Search code examples
javaxmlstreamreader

Java XMLStreamReader converts " to "


Suppose, we have the following XML

<Test> <Description> &quot;Hi&quot; </Description> </Test>

I load this XML using XMLStreamReader and parse using the reader object. When I print the characters encountered while parsing using the getText() of the reader, I see that the &quot; is printed as ". Although, "(double-quotes) need not have been escaped to &quot; in the first place, I would like to know why the parser automatically does this conversion when the escaping is not required. For instance, &lt;, &gt; and &amp; are preserved, without which the resulting XML would be invalid. However, this is not the case for &quot; and &apos;. I have to save the description the same way I receive it. Is it possible to do that with the XMLStreamReader API?


Solution

  • I have to save the description the same way I receive it.

    You should not. As far as XML is concerned, &quot; or " are the exact same thing, and therefore it cannot matter to you whether you obtain one or the other.

    As for why it's happening, it is an XML parser's job to unescape escaped characters so that they present you with the data they mean. It also unescapes &lt; and so on.
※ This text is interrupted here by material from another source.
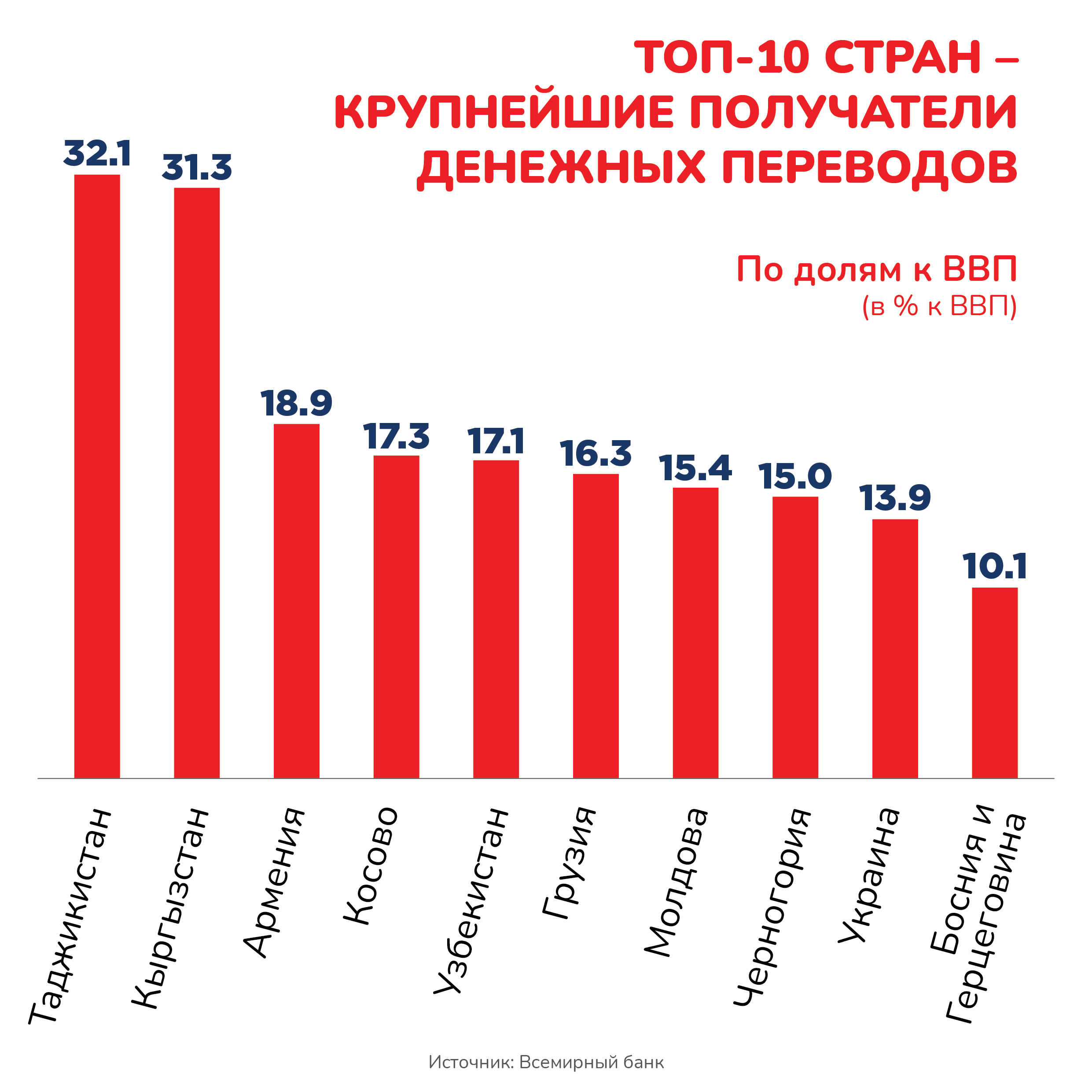 Дар гузориш зикр мешавад, ки дар таносуби фоизии интиқоли маблағ нисбат ба Маҷмӯи маҳсулоти дохилӣ (ММД) Тоҷикистон – 32% ва Қирғизистон – 31% пешсафанд.

However, when the text such obtained is then serialized back into XML, the serializer will escape again characters such as < because it's required by XML, but it won't bother escaping " because that's not necessary.

    When you go through a process of parsing XML, then serializing again, you cannot have a concept of "preserving" the escapes as-is. That's inherently lost in conversion. The parser just is not in charge of preserving this unneeded info. However, if you wish your " to always be escaped to &quot; in the resulting XML, your XML serializer might have an option for that (you gave no details about what you're using, so I can't tell you definitely whether you can or cannot.)